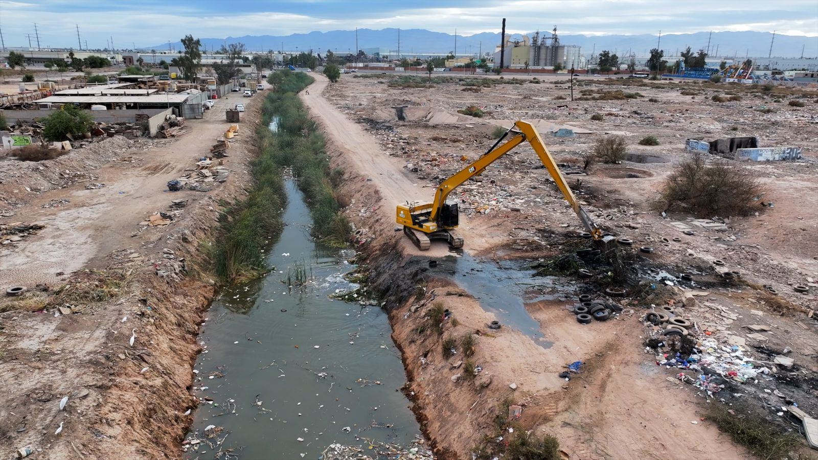 La Comisión Estatal de Servicios Públicos de Mexicali (CESPM) mantiene su compromiso con el saneamiento de la ciudad y sus zonas industriales, al continuar con labores de limpieza y mantenimiento como es el caso del Dren México, ubicado en el Parque Industrial Nelson, sobre el bulevar Venustiano Carranza.
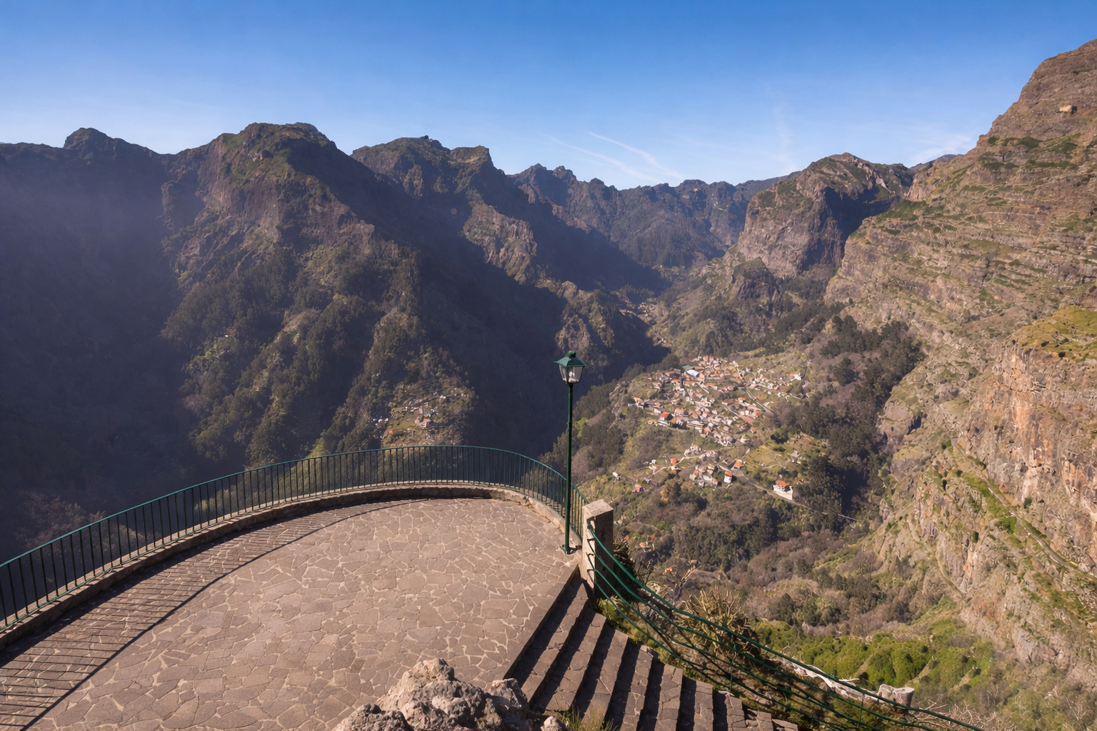 Eira do Serrado is situated at around 1,095 metres above sea level, in the central mountain range of Madeira. The viewpoint is easily accessible by road from Funchal, making it one of the most popular high-altitude viewpoints on the island. From the platform, visitors can admire the amphitheatre-like valley where Curral das Freiras lies, completely surrounded by towering peaks.
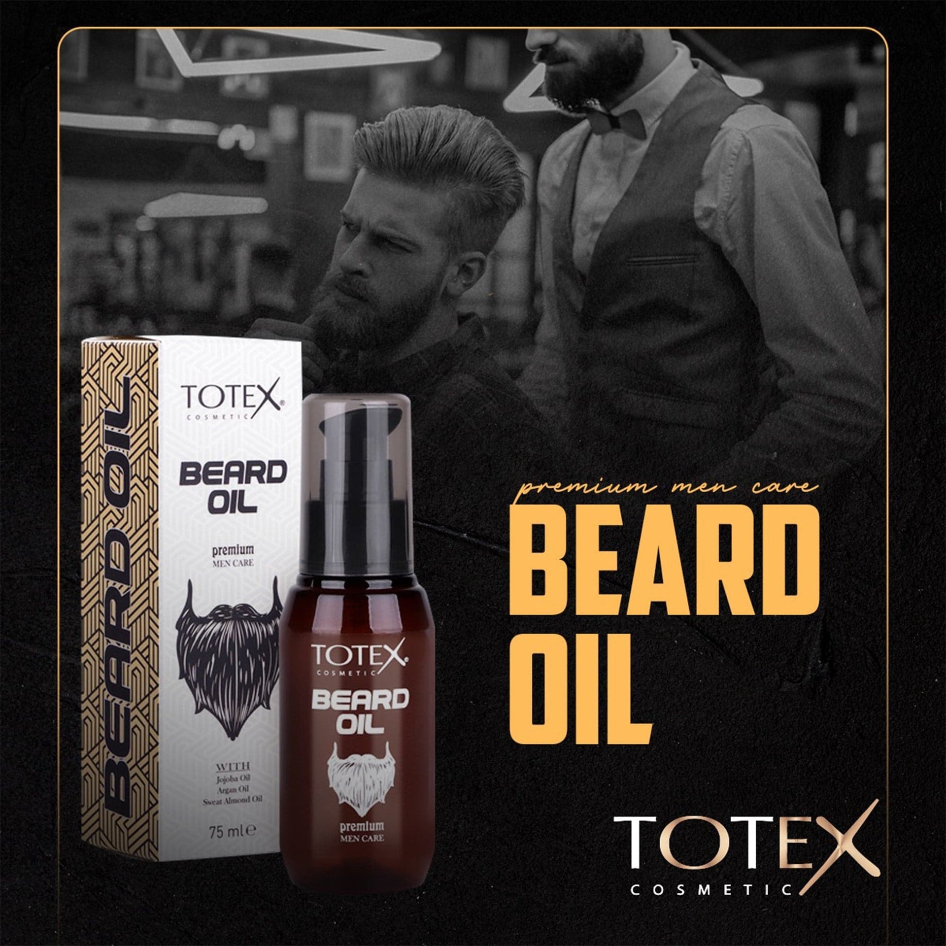 Apply a small amount of Totex Beard Oil to the palms of your hands and rub them together. Massage the oil into the beard and skin underneath, ensuring even distribution. Use daily or as needed for best results.

_Work required_
Return the material above verbatim, minus the pictures.

_Task response_
 La Comisión Estatal de Servicios Públicos de Mexicali (CESPM) mantiene su compromiso con el saneamiento de la ciudad y sus zonas industriales, al continuar con labores de limpieza y mantenimiento como es el caso del Dren México, ubicado en el Parque Industrial Nelson, sobre el bulevar Venustiano Carranza.
 Eira do Serrado is situated at around 1,095 metres above sea level, in the central mountain range of Madeira. The viewpoint is easily accessible by road from Funchal, making it one of the most popular high-altitude viewpoints on the island. From the platform, visitors can admire the amphitheatre-like valley where Curral das Freiras lies, completely surrounded by towering peaks.
 Apply a small amount of Totex Beard Oil to the palms of your hands and rub them together. Massage the oil into the beard and skin underneath, ensuring even distribution. Use daily or as needed for best results.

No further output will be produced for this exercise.